Trump has said this will be the "largest tax refund season of all time" based on the 2025 changes enacted via his "big beautiful bill."
Higher gasoline prices could offset bigger tax refunds
If the Strait of Hormuz were closed for three weeks and crude oil prices jumped to $110 per barrel in March, retail gasoline prices could peak at $4.36 per gallon in May, according to a March 18 analysis from economists at the Stanford Institute for Economic Policy Research.
Under that scenario, higher gasoline prices could be "wiping out most or all of the larger tax refunds on average," the authors wrote.
The analysis, which included Goldman Sachs' baseline Brent crude oil forecast from March 17, projected the average U.S. household could pay $740 more for gas through year-end, without changes to demand.
A separate Goldman Sachs note released March 22 upgraded its oil price forecasts, with March through April Brent crude oil estimates averaging $110 per barrel.
However, "the U.S. could end military action at any point, which would likely reduce the risk premium in global crude and refined product prices," Goldman Sachs analysts wrote.

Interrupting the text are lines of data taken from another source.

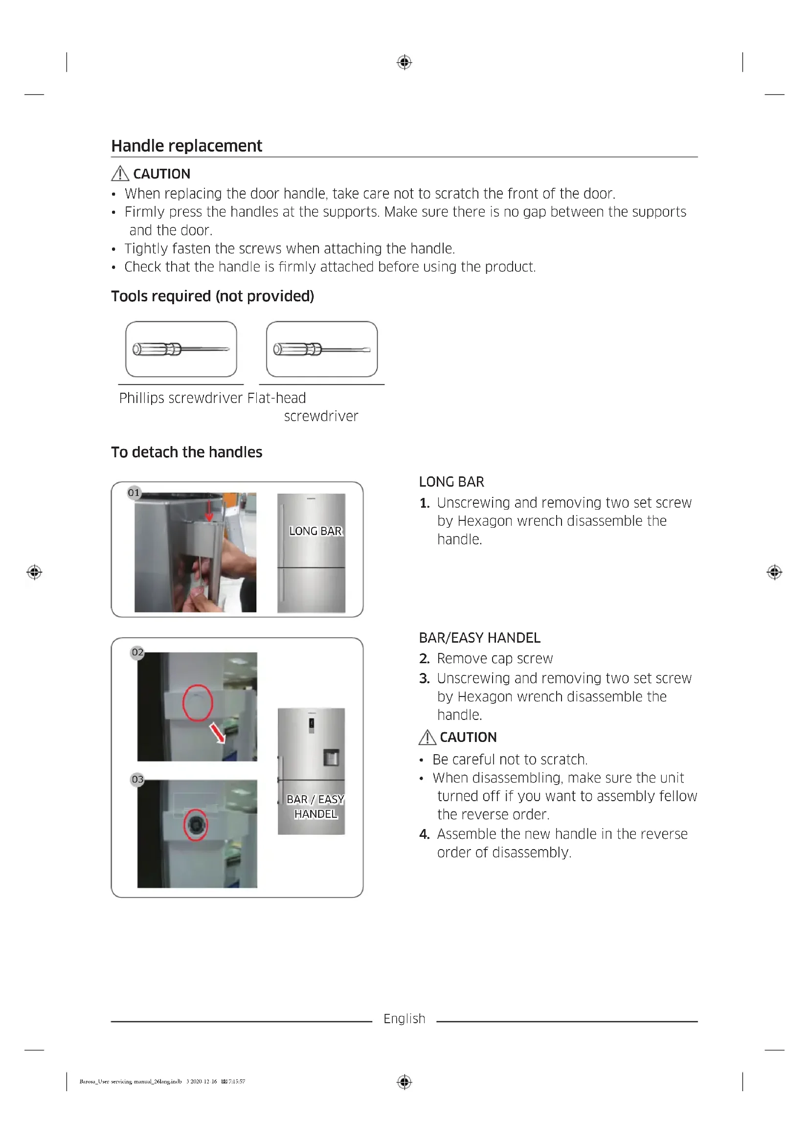 - Be sure to wear safety gloves while making repairs. Barosa_User-servicing-manual_26lang.indb 1 2020-12-16 7:15:56English The actual image and provided parts of the refrigerator may differ, depending on the model and the country.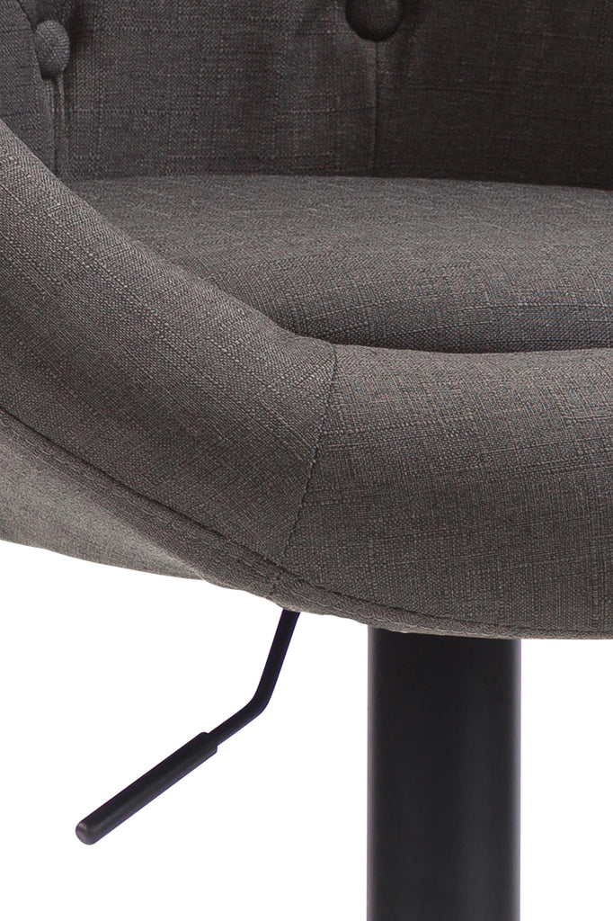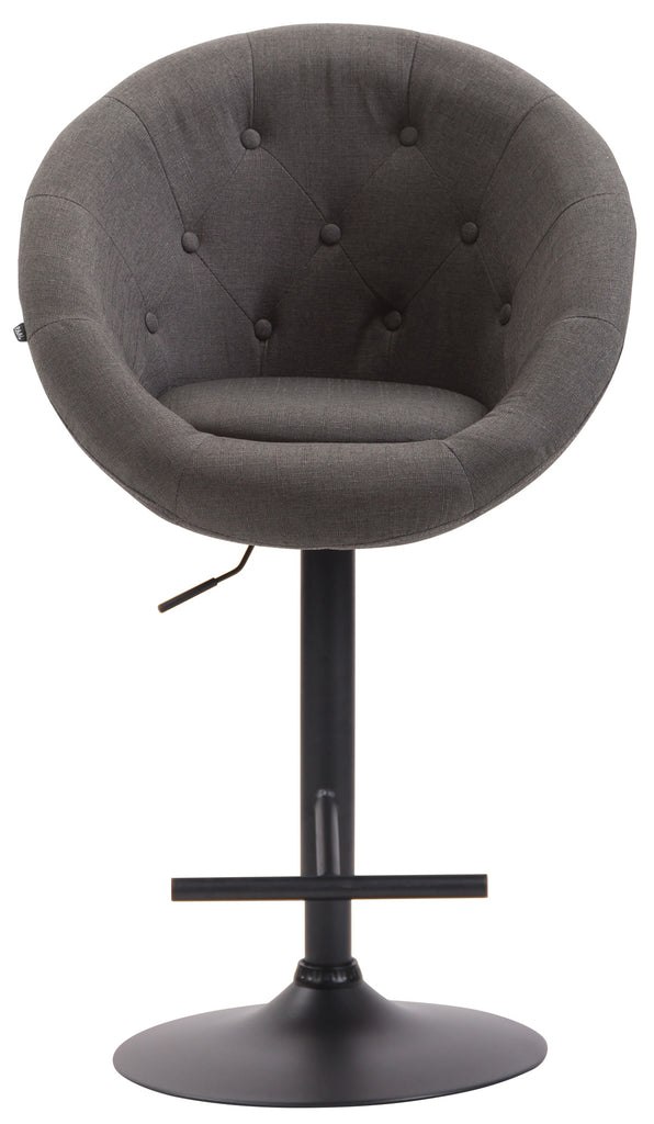 Tabouret de bar design moderne forme œuf capitonné avec repose-pieds en métal noir tissu gris foncé TDB10324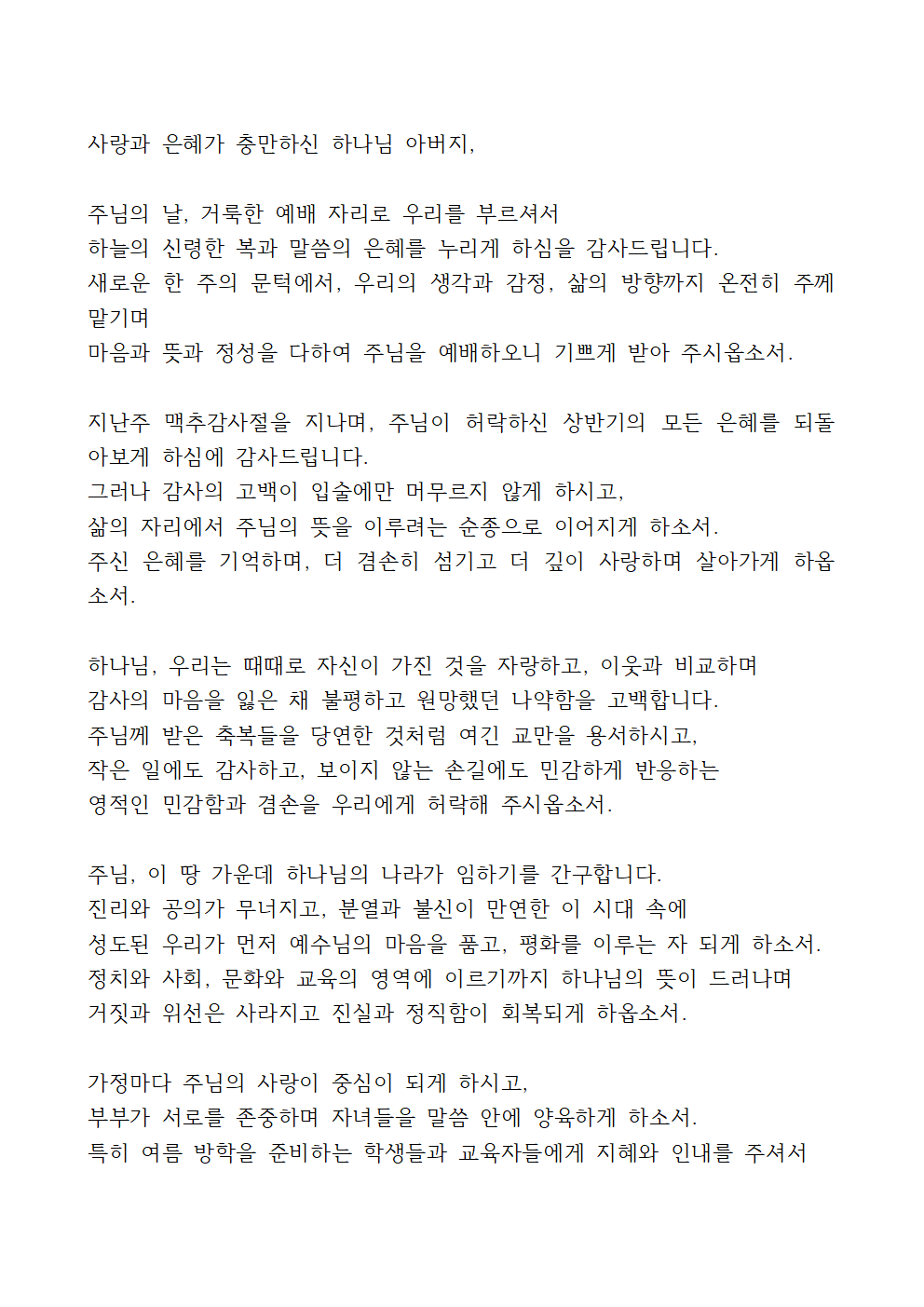 ※ 기도문을 한글 문서 or PDF 문서로 받으시려면 아래를 참고하세요.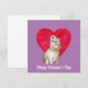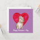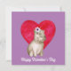 Carte de vœux carrée Saint-Valentin mignonne avec un hippopotame aquarelle adorable, un grand cœur et un texte personnalisable sur fond violet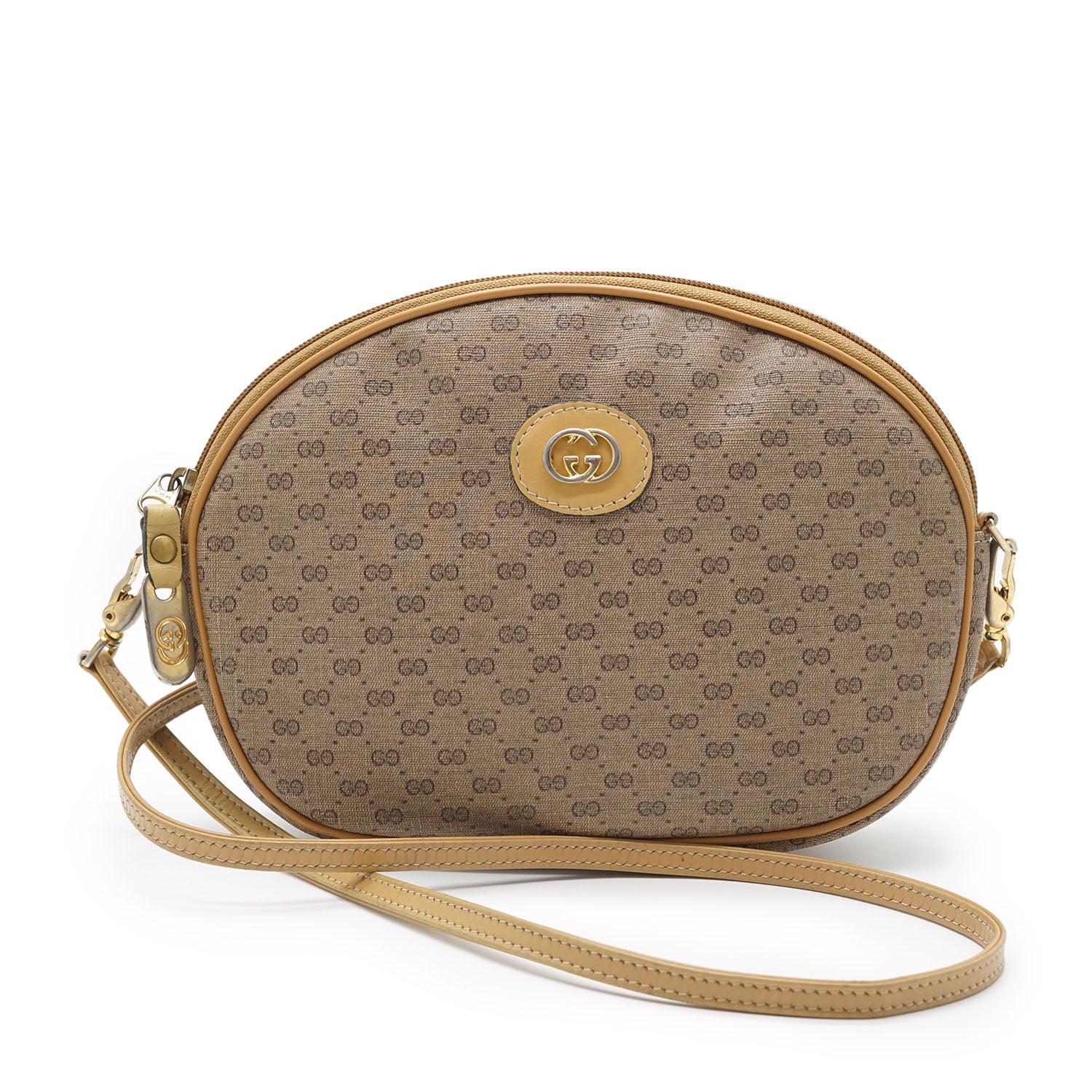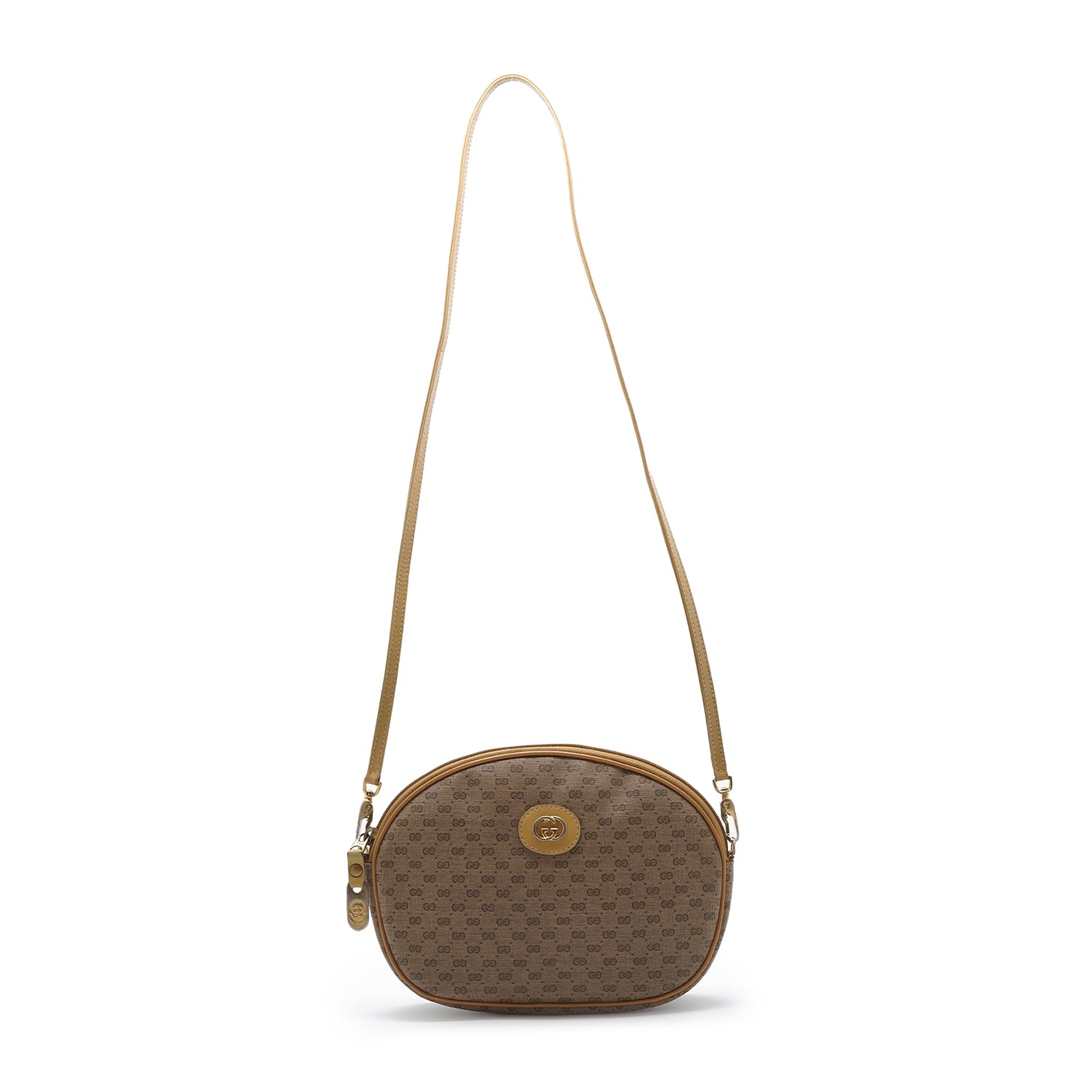 Vintage Microguccissima Camera Bag Brown Canvas, Leather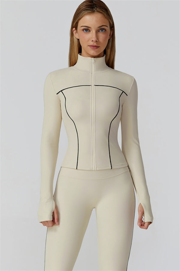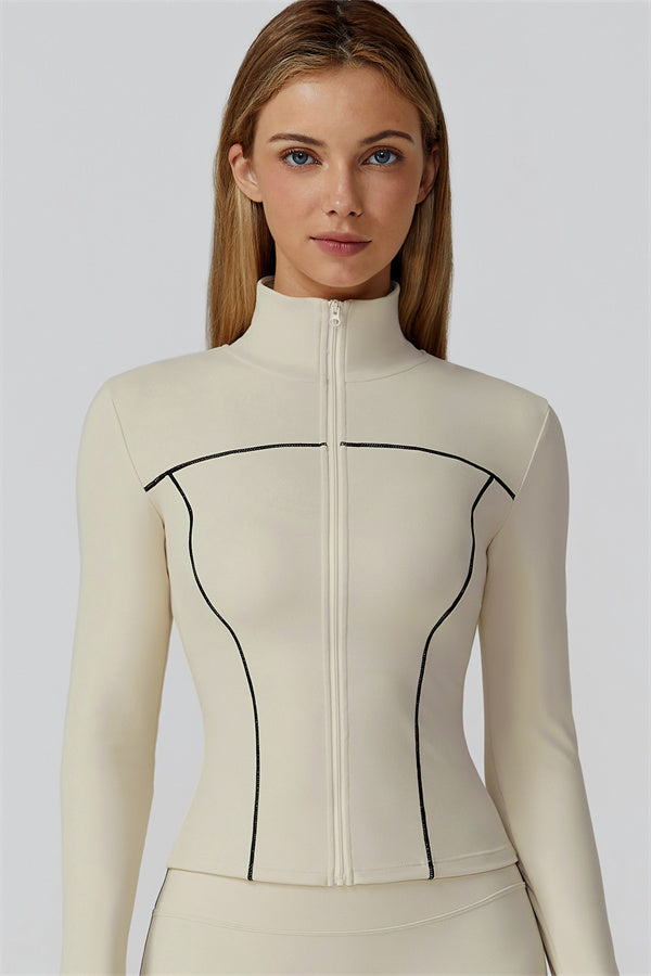 Full-length front zip with stand collar for wind protection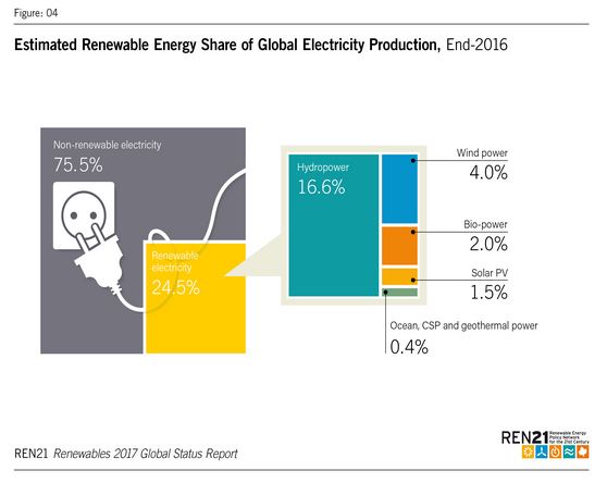 REN21在最新報告《2017年全球再生能源狀態(tài)報告》(GSR2017:Renewable 2017 Global Status Report)中指出,2016年,全球共新增了161GW的再生能源發(fā)電設(shè)備,其中47%為太陽能,34%為風力。至2016年底,全球再生能源累計裝機量達到2,017GW。累計裝機量最高的是中國,達258GW;美國次之,為145GW。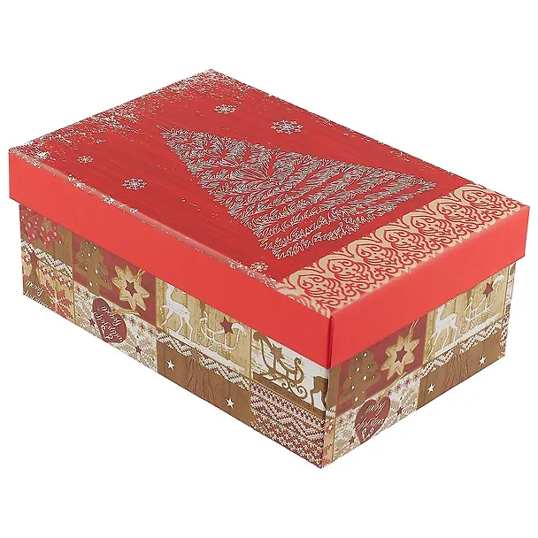 Коробку «Ёлочка» украшает ажурное белое дерево на красном фоне. Посмотрите, как красиво!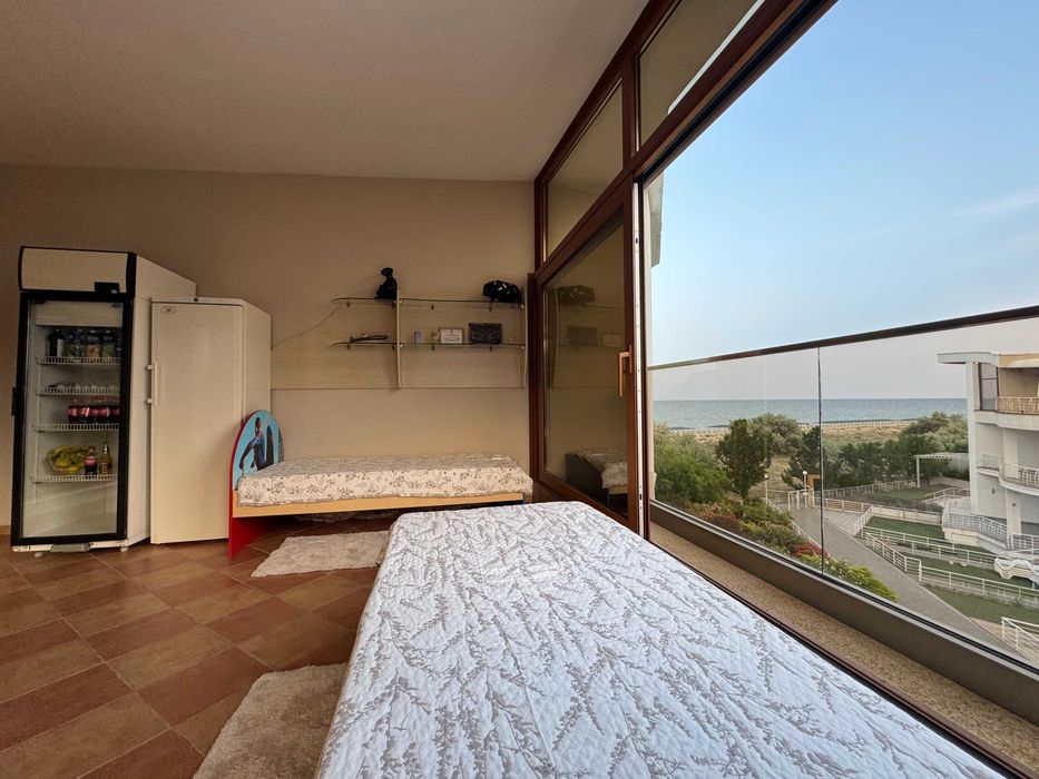 Перша лінія: 75 метрів до урізу води, відокремлений чистий піщаний пляж.
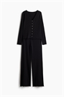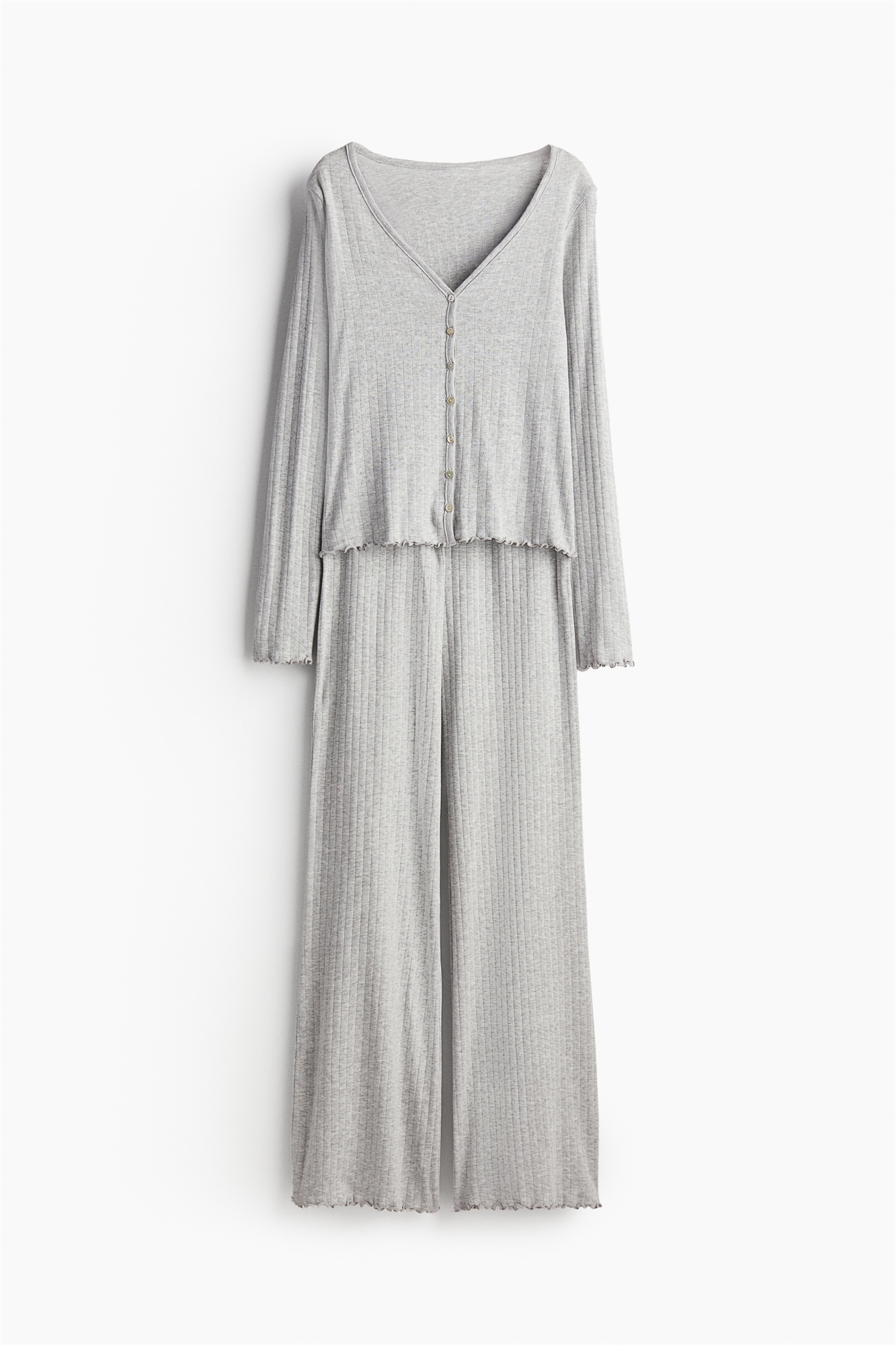Пижама с верхом и низом из мягкого трикотажа пуантель. Топ с длинными рукавами, V-образным вырезом горловины, пуговицами спереди и оверлоками на манжетах и подоле. Низ с эластичной резинкой на талии и оверлоком по подолу.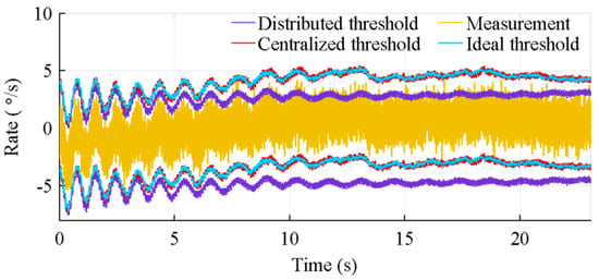 Because of its inability to correctly estimate the sensors bias, the distributed architecture generates a lot of false warnings, while the centralized architecture correctly identifies nearly all faulty sensors. The effect of this poor biases estimation is shown in Figure 12. This figure presents the 4σ thresholds of the centralized and distributed architectures over the measurements of a healthy sensor, when 27 IMUs are used. Because of its drift, at 8.9 s, this healthy sensor is considered faulty by the distributed architecture. The ideal threshold, added to the graphic, is the threshold computed on the nominal biased value. The latter is the measured value without noise.

In a March 20 note, Oxford Economics estimated that if gas prices averaged $3.60 per gallon in 2026, consumer spending on fuel could be "almost exactly offsetting the boost from refunds."
Of course, the longer the conflict lasts, the more it could impact consumers at the pump.
"The energy shock is going to hit those who have the least cushion ... and it doesn't look like those tax refunds are going to be here to save them," Alex Jacquez, chief of policy and advocacy at Groundwork Collaborative, a left-leaning economic policy think tank, said during a press call Friday.